* _DATA FOR PROCESSING_:
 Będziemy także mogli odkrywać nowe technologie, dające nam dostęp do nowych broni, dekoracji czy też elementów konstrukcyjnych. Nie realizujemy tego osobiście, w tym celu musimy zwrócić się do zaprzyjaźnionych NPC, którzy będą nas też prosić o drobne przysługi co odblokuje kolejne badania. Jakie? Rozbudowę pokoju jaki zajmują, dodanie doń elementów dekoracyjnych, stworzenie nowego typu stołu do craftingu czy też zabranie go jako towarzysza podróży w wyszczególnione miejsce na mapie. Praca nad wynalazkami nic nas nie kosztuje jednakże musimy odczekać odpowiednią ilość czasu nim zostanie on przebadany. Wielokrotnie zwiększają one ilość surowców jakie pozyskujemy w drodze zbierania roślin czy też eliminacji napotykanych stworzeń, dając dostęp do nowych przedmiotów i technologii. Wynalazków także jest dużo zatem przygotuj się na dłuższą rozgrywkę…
==
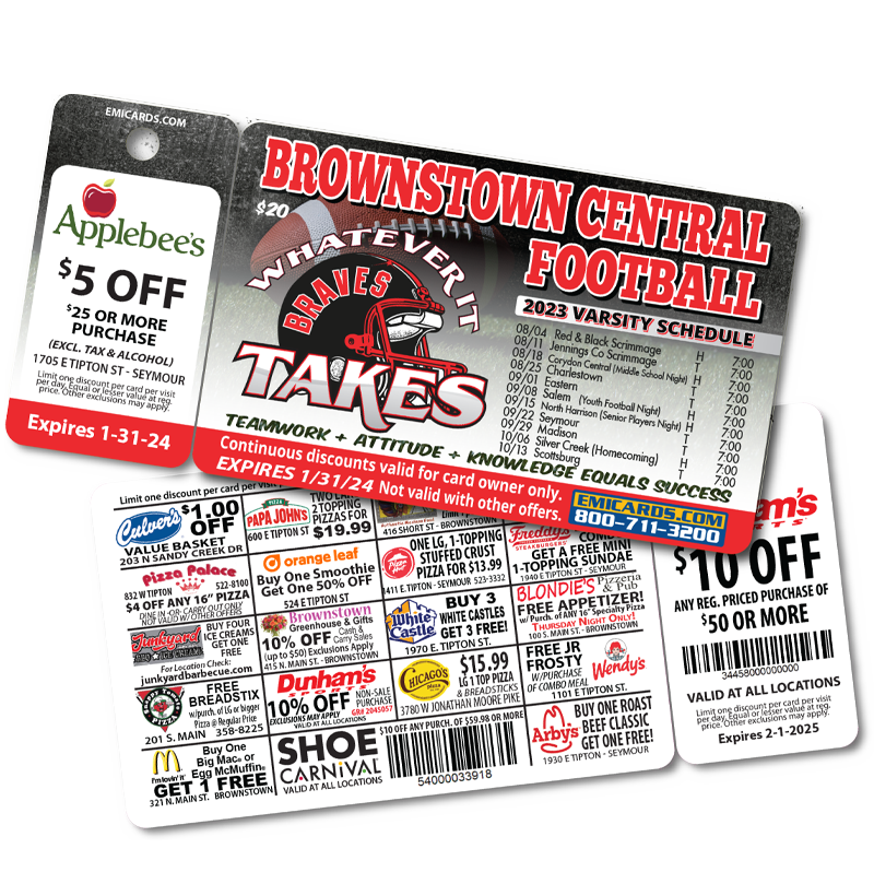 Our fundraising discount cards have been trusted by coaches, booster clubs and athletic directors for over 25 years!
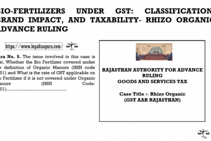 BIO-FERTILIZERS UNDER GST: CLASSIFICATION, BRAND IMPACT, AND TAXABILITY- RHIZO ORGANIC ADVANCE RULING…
* * *
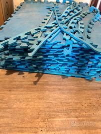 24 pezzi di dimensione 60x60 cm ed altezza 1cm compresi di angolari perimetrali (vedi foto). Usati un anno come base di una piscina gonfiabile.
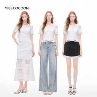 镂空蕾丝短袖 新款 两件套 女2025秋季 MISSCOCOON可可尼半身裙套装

* _GOAL OF THE EXERCISE_: Print, exactly, each line above from the one with "24 pezzi di" to the one with "镂空蕾丝短袖 新款 两件套 女2025秋季 MISSCOCOON可可尼半身裙套装", end lines included. Leave pictures out of it.

* _EXERCISE OUTPUT_:
 24 pezzi di dimensione 60x60 cm ed altezza 1cm compresi di angolari perimetrali (vedi foto). Usati un anno come base di una piscina gonfiabile.
 镂空蕾丝短袖 新款 两件套 女2025秋季 MISSCOCOON可可尼半身裙套装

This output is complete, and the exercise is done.